In the absence of critical analysis and in the absence of even a hypothesis of how a language model could attain cognitive skills, it seems much more reasonable to assume that any apparent incidence of these skills in a large language model is a manifestation of word probability patterns, nothing more. Words that are sometimes used to explain the appearance of cognitive skills, such as emergence, are a labeling of the presumed phenomenon. We imagine that with enough examples and enough parameters somehow or other we will observe deep cognitive skills where we know that the computational mechanisms for those skills are not contained in the model.
Recently, a petition has been circulating calling for a temporary moratorium on the development of more powerful language models than those that currently exist. According to this petition “AI labs locked in an out-of-control race to develop and deploy ever more powerful digital minds that no one – not even their creators – can understand, predict, or reliably control.” “Should we let machines flood our information channels with propaganda and untruth? Should we automate away all the jobs, including the fulfilling ones? Should we develop nonhuman minds that might eventually outnumber, outsmart, obsolete and replace us? Should we risk loss of control of our civilization?”

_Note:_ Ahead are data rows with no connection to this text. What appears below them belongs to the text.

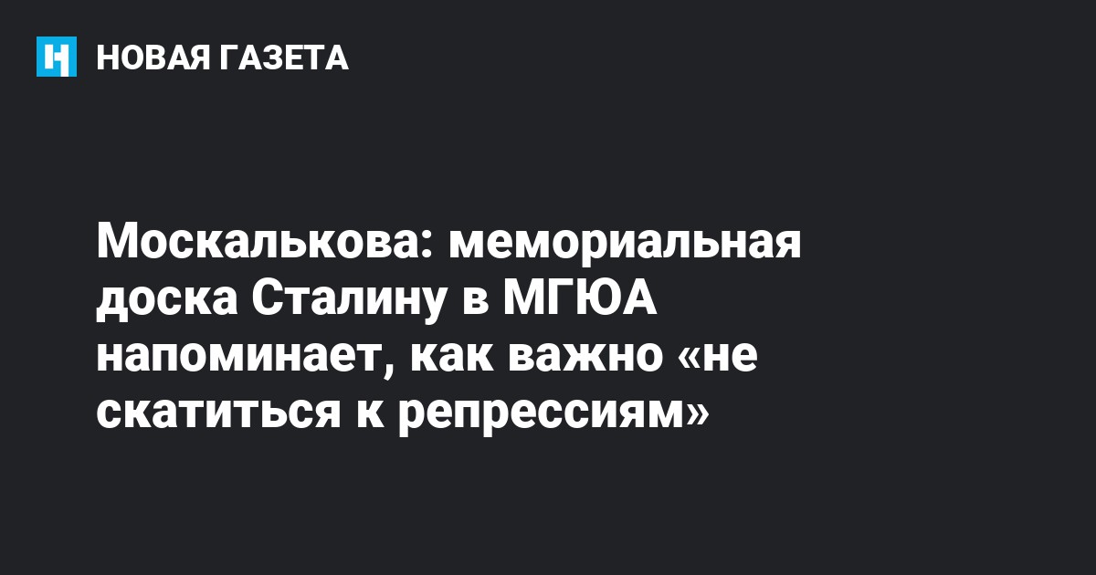 Уполномоченный по правам человека в России Татьяна Москалькова считает уместной мемориальную доску в честь Иосифа Сталина вМосковском государственном юридическом университете (МГЮА), передает «ТАСС».
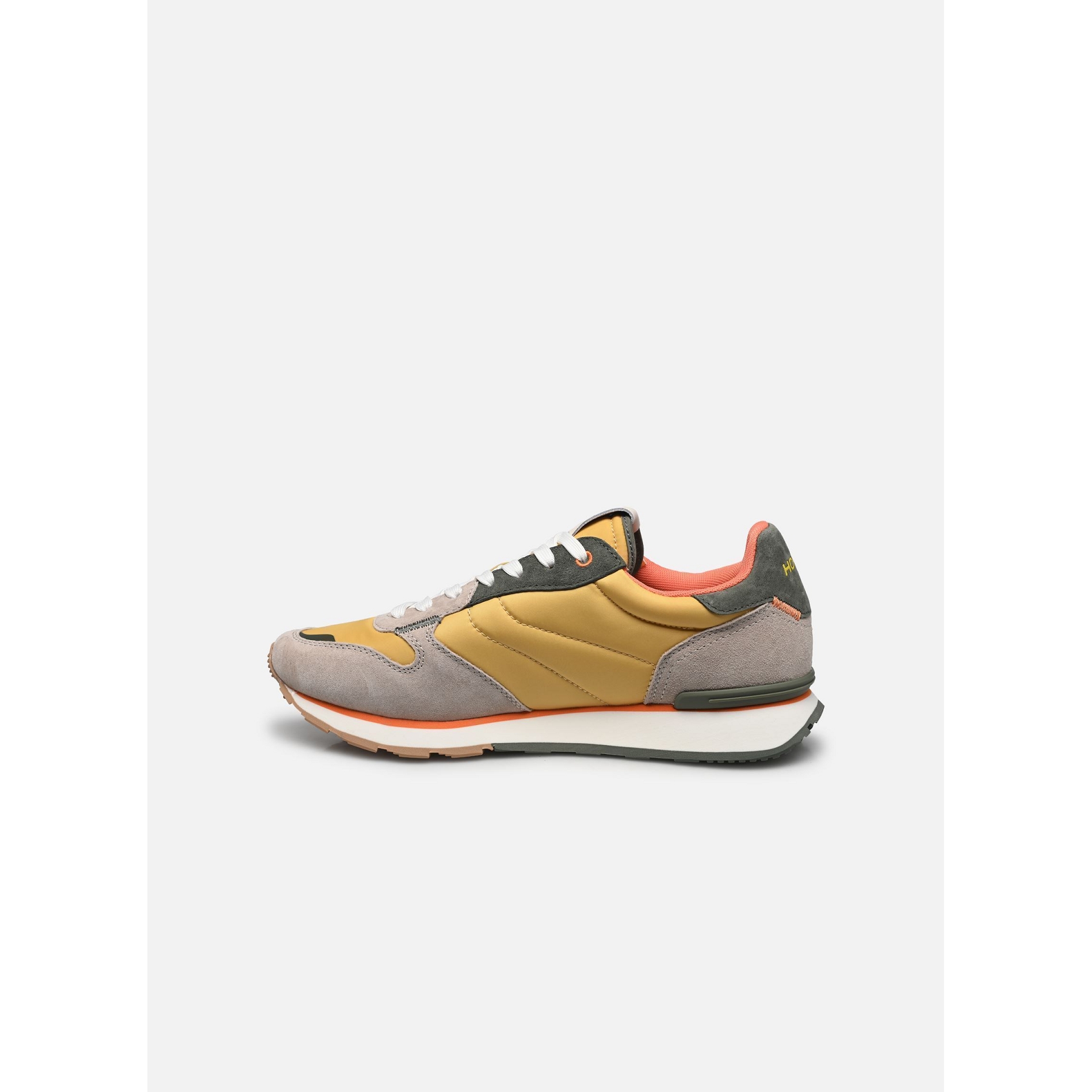 Sneaker style rétro en combinaison de matériaux et de couleurs pour un look unique.
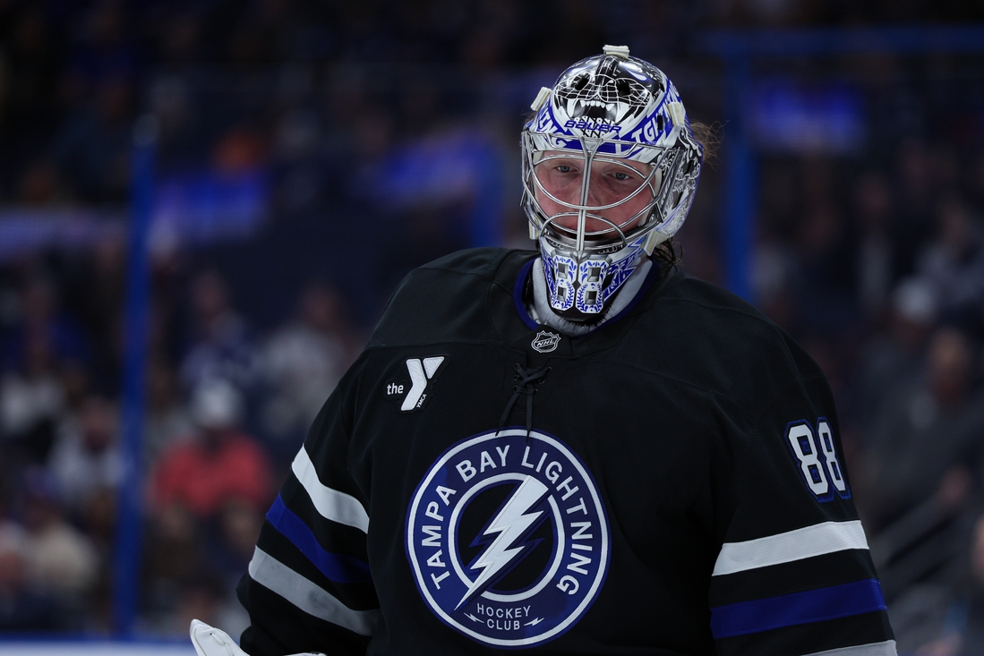 Feb 1, 2025; Tampa, Florida, USA; Tampa Bay Lightning goaltender Andrei Vasilevskiy (88) looks on against the New York Islanders in the first period at Amalie Arena. Mandatory Credit: Nathan Ray Seebeck-Imagn Images
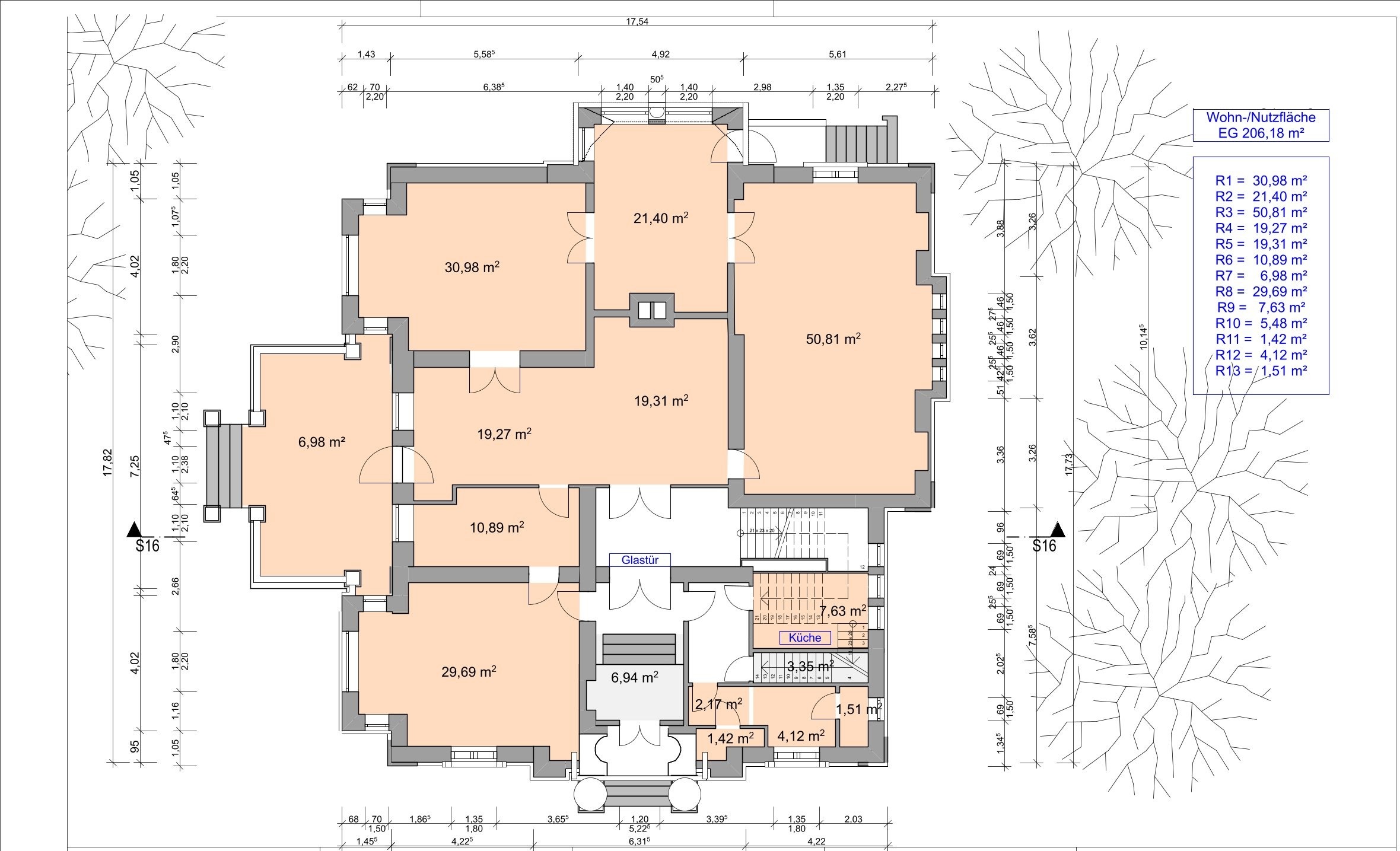 Hier wohnte und praktizierte mit großem Erfolg ein Chirurg über Jahrzehnte. Die Etagen sind so ausgestattet dass die Möglichkeit im Haus zu wohnen und arbeiten immer noch besteht.
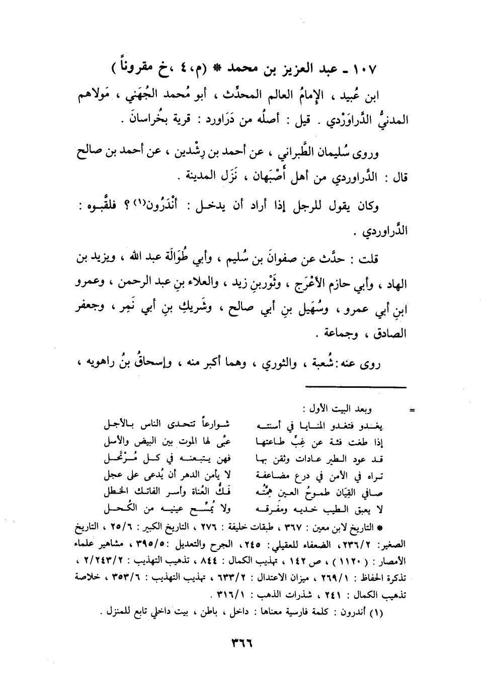 وَكَانَ يَقُوْلُ لِلرَّجُلِ إِذَا أَرَادَ أَنْ يَدْخُلَ: أَنْدَرُوْنَ (1) ؟ فَلَقَّبُوْهُ الدَّرَاوَرْدِيَّ.
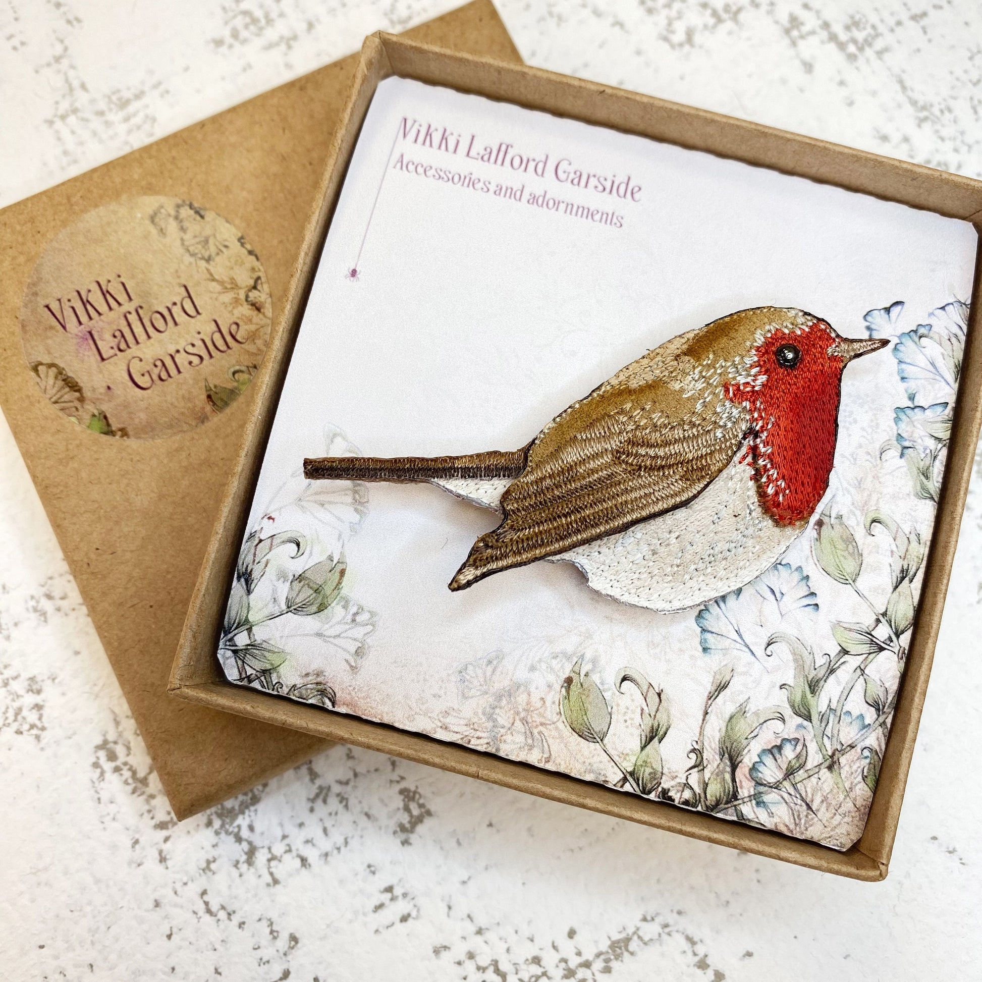 This Robin brooch is created from many layers of fabrics that are embroidered and painted to create a three-dimensional effect. The reverse is backed with soft felt and the edges are sealed so that the fabric does not fray. The brooch is lightweight, soft, flexible and fairly robust so very easy to wear on any garment.
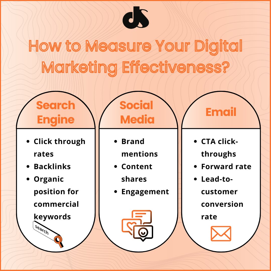 ๐ Are you tracking your digital marketing success the right way? Discover key metrics across Search Engines, Social Media, and Email Marketing to measure your effectiveness and drive results! ๐ #DigitalMarketing #MarketingTips #MeasureSuccess #MarketingMetrics #DSDM
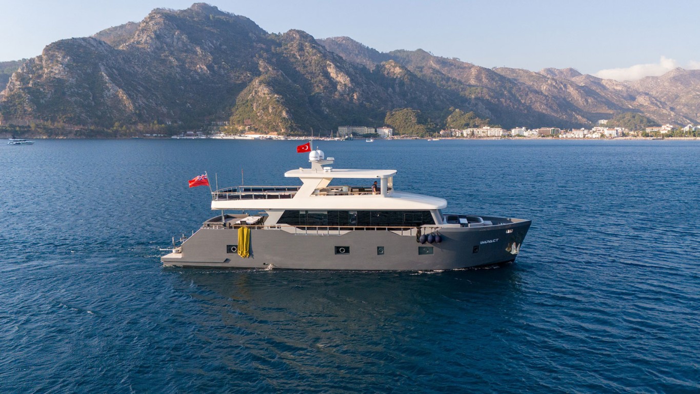 Motor yacht 'Impact' is a 24m custom built trawler yacht launched in Turkey in 2023. Her solid and stable features ensure a smooth charter for guests while the interior is contemporary and comfortable. Up to ten guests can be accommodated in five suites including a main deck master suite. 'Impact' offers the ideal combination of adventure and relaxation, providing endless opportunities to discover Turkey’s coastal beauty while enjoying first-class service from her dedicated crew. The yacht presents a minimal interior styling and offers a spacious sundeck equipped with sun-beds, sofa lounger, bar and dinning table.
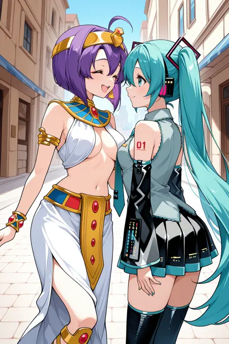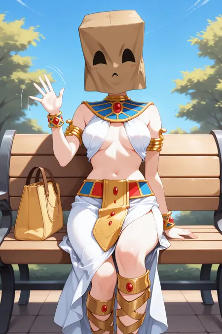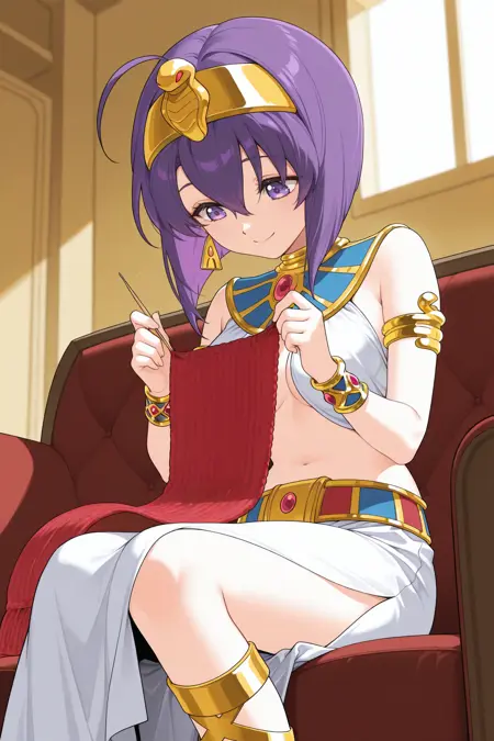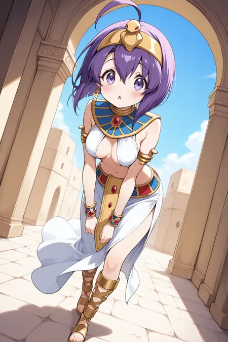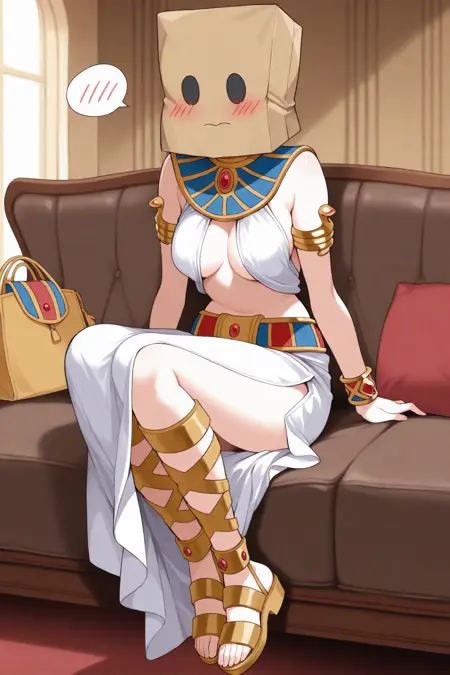그녀의 전형적인 외모를 위해 "금 귀걸이, 금 헤어밴드, 우세크 목걸이, 복부, 금 팔찌, 흰 치마, 다색 벨트, 측면 슬릿, 금 팔찌, 글라디에이터 샌들"을 추가하세요.
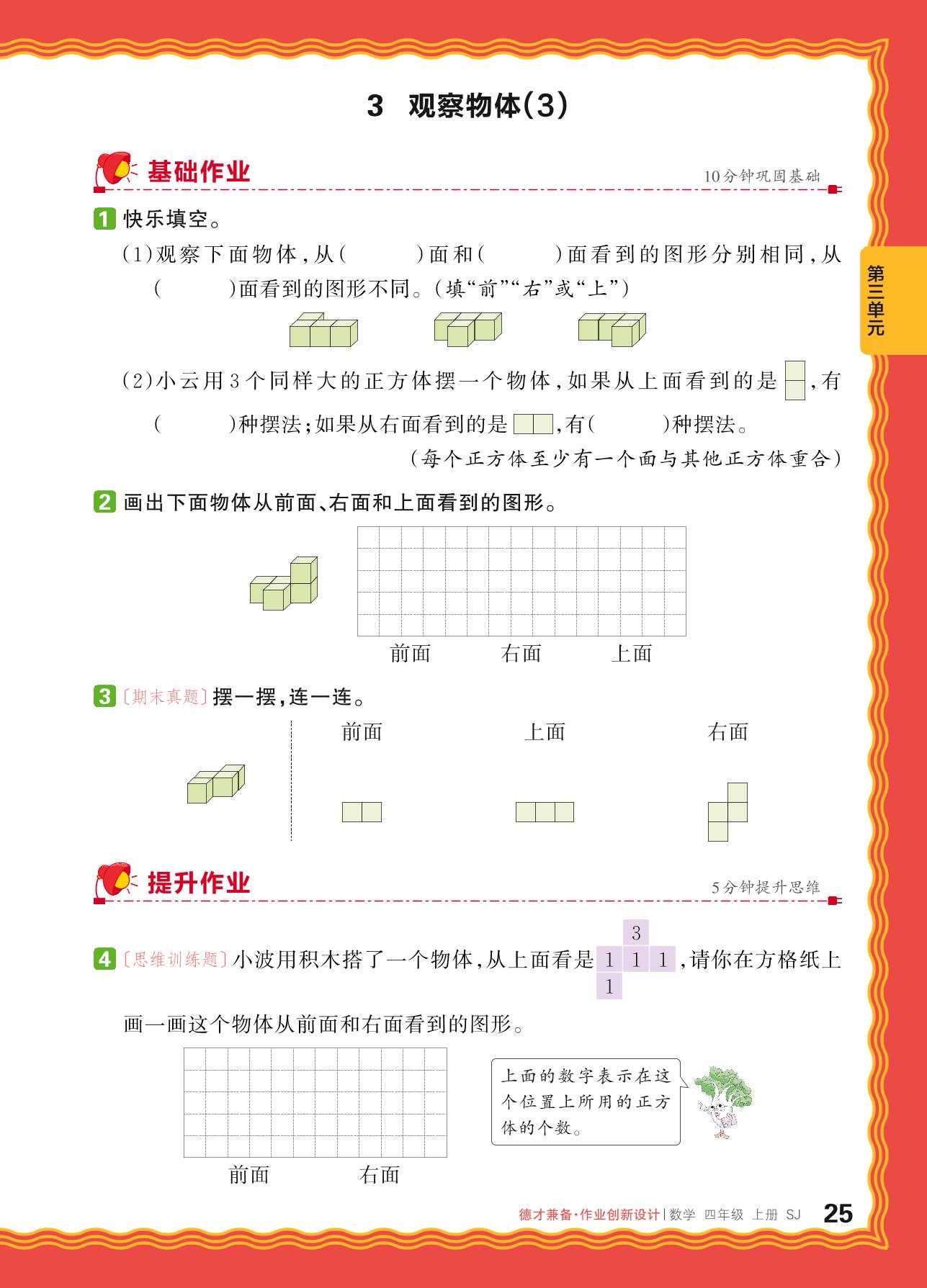 2024秋上册四年级数学苏教版 第三单元 观察物体——3. 观察物体(3)_R240820141010134
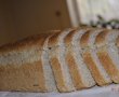 Punem toate ingredientele in cuva masinii de paine in ordinea de mai sus. Setam masina pe programul de framantare si dospire, la mine dureaza 1h 25min. Apoi scoatem aluatul din cuva masinii si il impartim in 2. Punem painicile in tavi si le lasam la crescut pana se incalzeste cuptorul. Le coacem la 200 grade timp de 25 min. Le scoatem din tavi si le punem pe un gratar la racit.

The objective of this petition is based on a profound misunderstanding, bordering on hysteria, of just what the current and foreseeable state of artificial intelligence is. Large language models are not out of control, they are not digital minds, and they are not ineffable (they can be understood). They are, as I noted earlier, conceptually simple models that stochastically select words conditional on the context. There is zero chance that these models will automate away all jobs, or replace us.
Policies and regulations based on inadequate understanding of a situation will be ineffective, or worse. The fears expressed in this petition are based on such a profound misunderstanding of the technology that any resulting policies will be laughable, meaningless, or even harmful. There might someday be digital minds, but stochastic parrots are not among them. Casting the models as monsters under the bed and the scientists and engineers that create them as computational Frankensteins is irresponsible. The fear-mongering exacerbates the currently widespread mistrust of scientists and other experts, and may endanger individual lives. Today’s models are tools, they are not Skynet looking to eradicate life on Earth. Like any tools, they may cause harm when misused. If there are to be regulations, these regulations should be directed at mitigating current potential harms, not at the fear that these models are somehow inherently malevolent. We need to concern ourselves about how people may misuse models; we need not worry that the models will become our computational overlords.